[Items listed in a dataset]
>>>>>

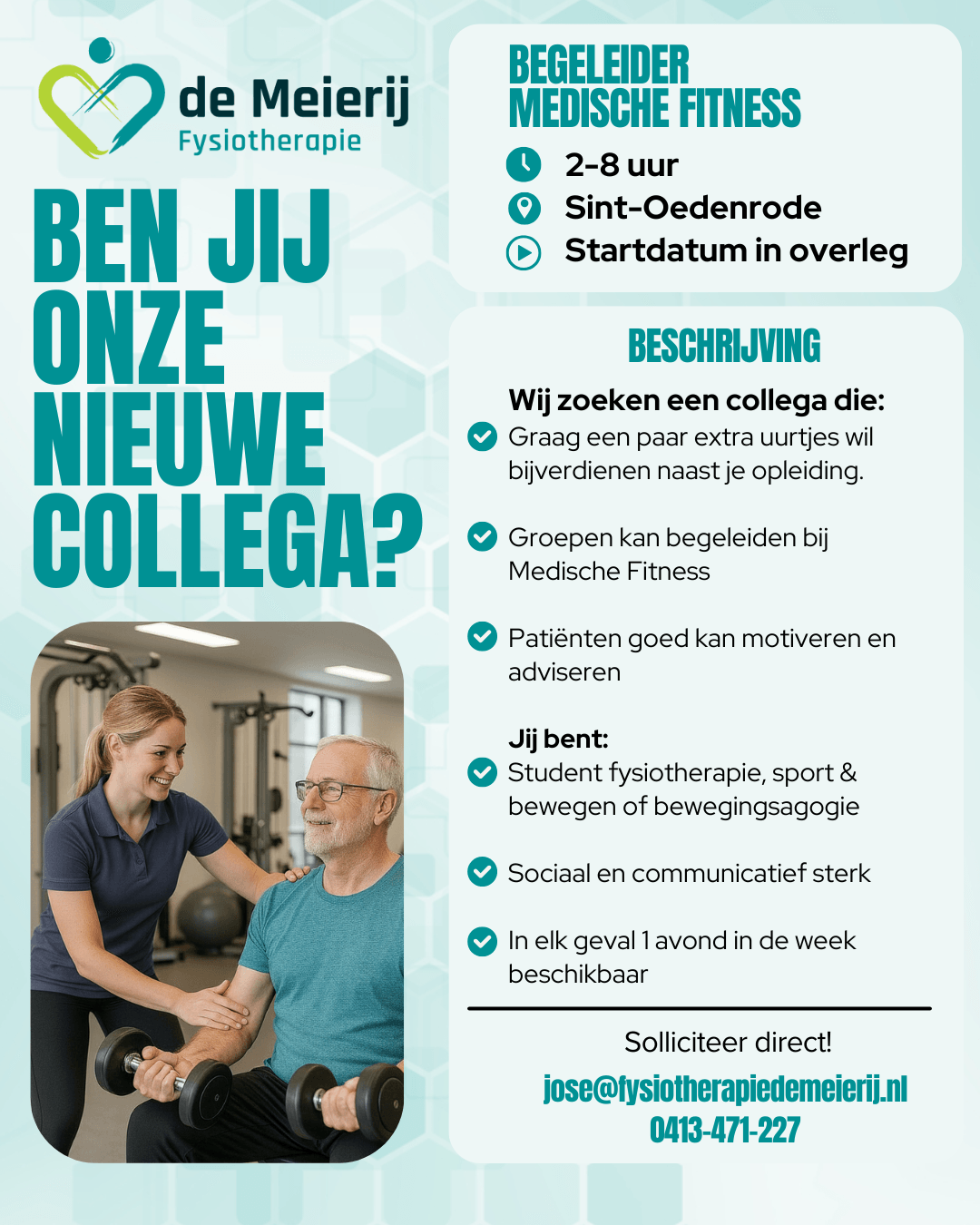 Je kan je sollicitatie met CV en motivatiebrief sturen naar José Kuipers; jose@fysiotherapiedemeierij.nl
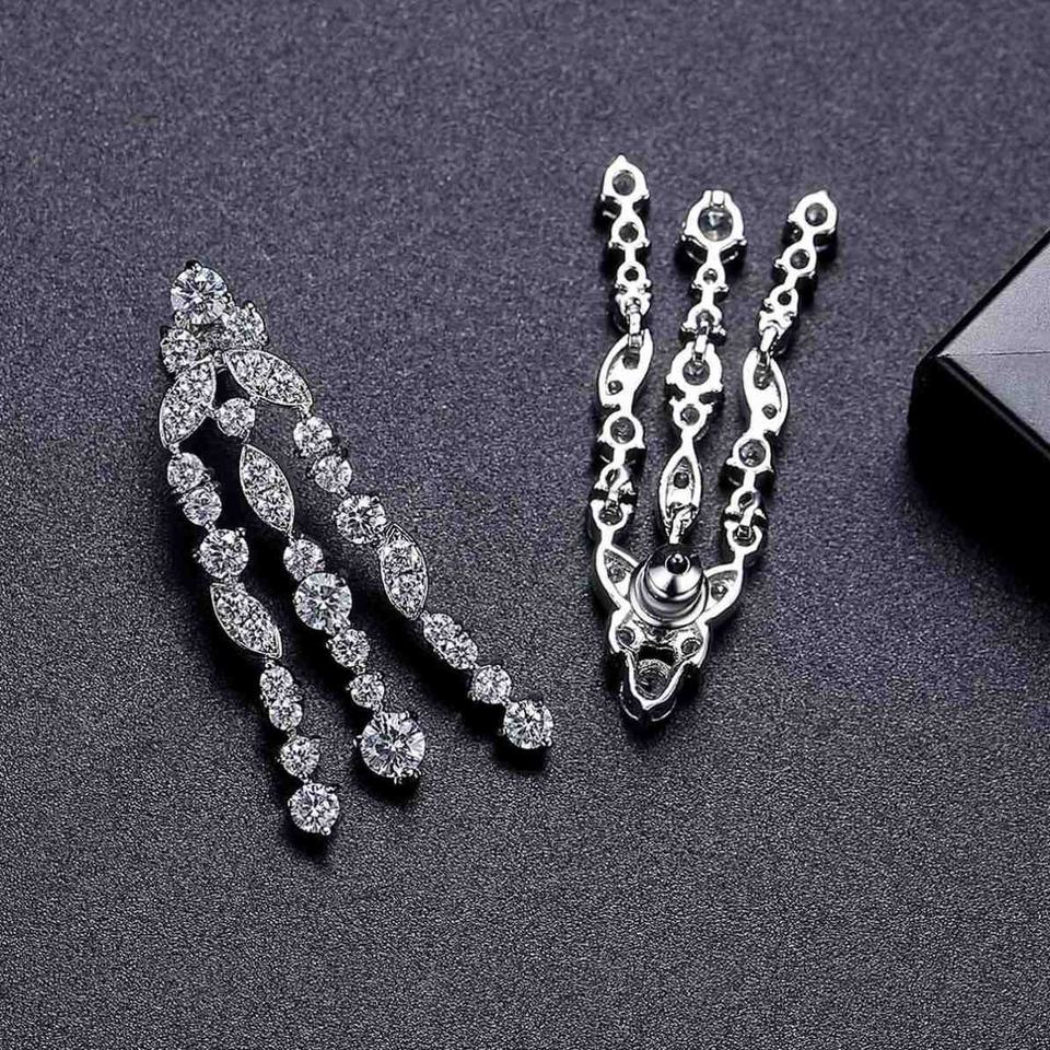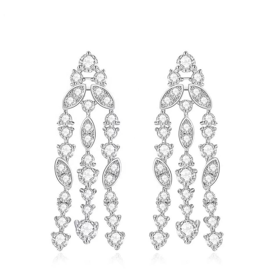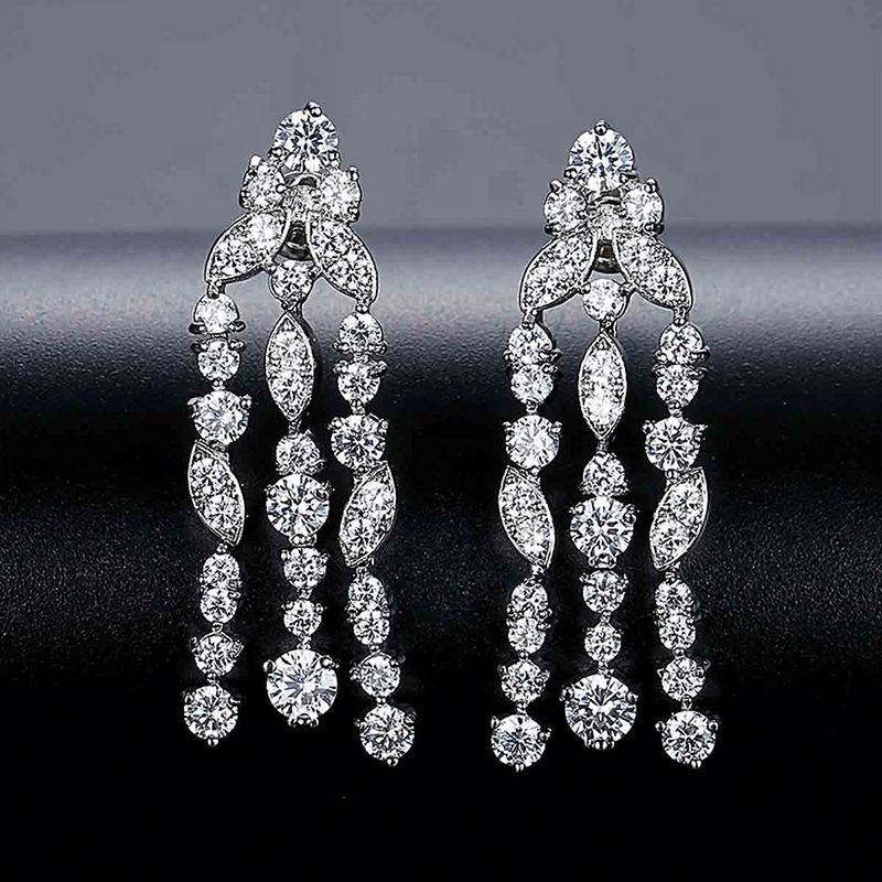 ต่างหูห้อยเซอร์คอนชุบทองแฟชั่นระดับไฮเอนด์มีพู่ห้อยสไตล์เครื่องประดับสำหรับเจ้าสาวในงานครบรอบ
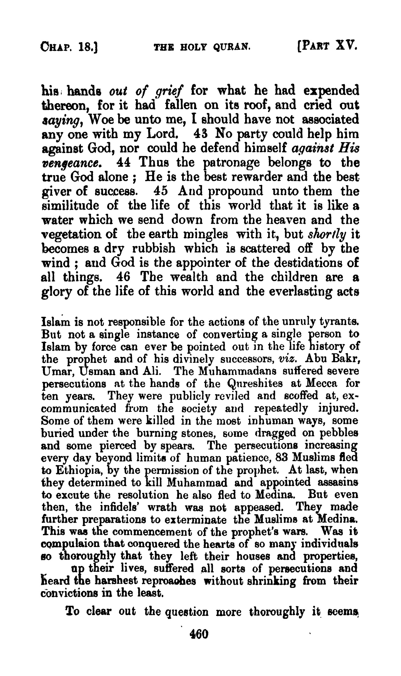 Mohammad Khan, The Holy Qurán. With Short Notes. Based on the Holy Quran, or the Authentic Traditions of the Prophet, or the Old and New Testaments or Scientifics Truths. All fictitious romance, questionable history, and disputed theories have been carefully avoided,
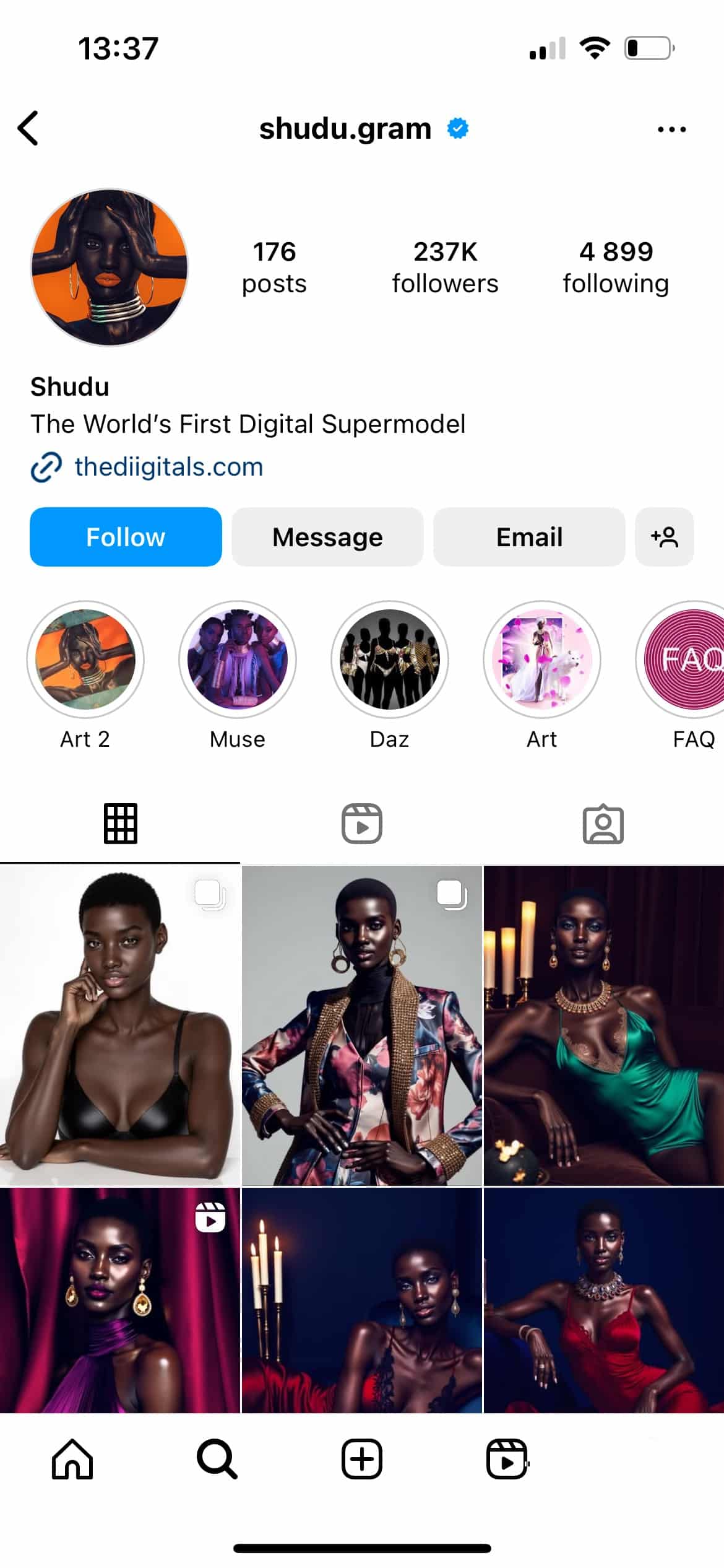 Shudu Gram, uznawana za pierwszą wirtualną supermodelkę, współpracowała z takimi markami jak Balmain i Vogue. Jej elegancki wizerunek przyciąga uwagę w świecie mody.
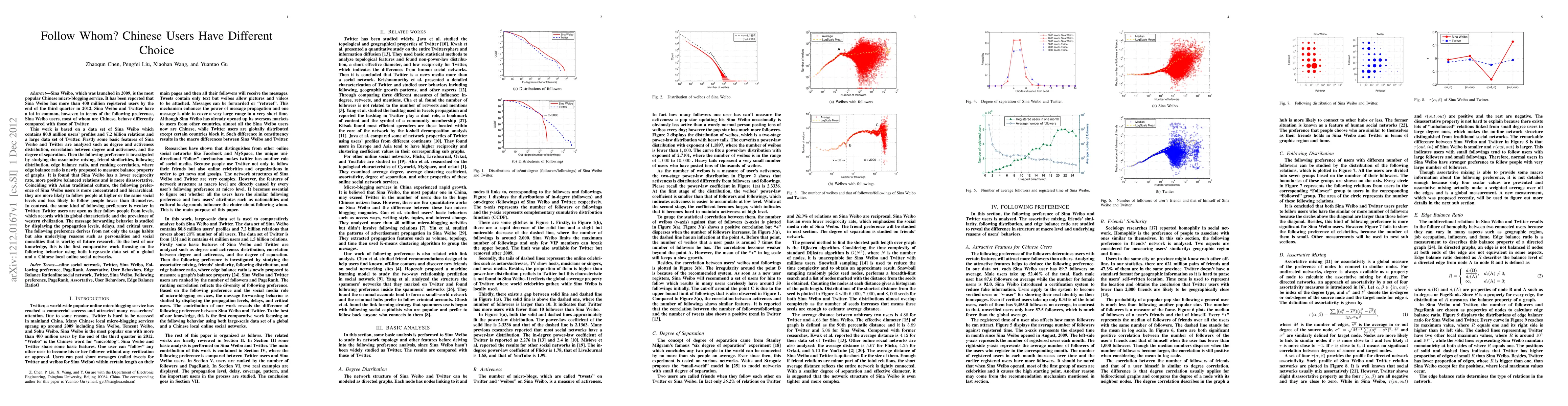 This study analyzes the following preferences of Sina Weibo users compared to Twitter, revealing that Sina Weibo users exhibit more hierarchical and concentrated following behaviors, likely influenced by Asian cultural norms, while Twitter users follow a more diverse range of individuals, reflecting global and Western influences.
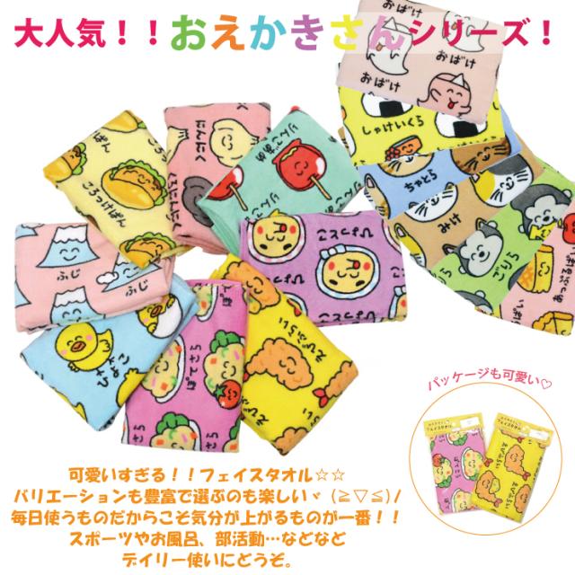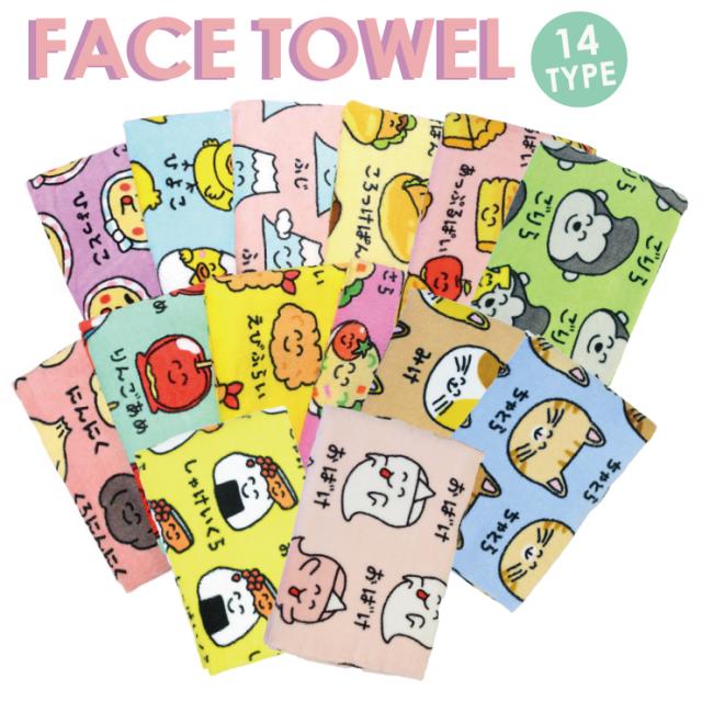 【2枚までメール便280円対応】フェイスタオル プリント 14種類 タオル ロングタオル コットン 綿100% おもしろ雑貨 生活雑貨 34×75cm【キャラクター 遠足 子供用 通園 通学 入学式 キッズタオル】┃

<<<<<

### [Task brief]
In the records above, find the line that contains "Shudu Gram, uznawana". Retype it and every line after it, exactly, leaving out all pictures.

### [Task output]
 Shudu Gram, uznawana za pierwszą wirtualną supermodelkę, współpracowała z takimi markami jak Balmain i Vogue. Jej elegancki wizerunek przyciąga uwagę w świecie mody.
 This study analyzes the following preferences of Sina Weibo users compared to Twitter, revealing that Sina Weibo users exhibit more hierarchical and concentrated following behaviors, likely influenced by Asian cultural norms, while Twitter users follow a more diverse range of individuals, reflecting global and Western influences.
 【2枚までメール便280円対応】フェイスタオル プリント 14種類 タオル ロングタオル コットン 綿100% おもしろ雑貨 生活雑貨 34×75cm【キャラクター 遠足 子供用 通園 通学 入学式 キッズタオル】┃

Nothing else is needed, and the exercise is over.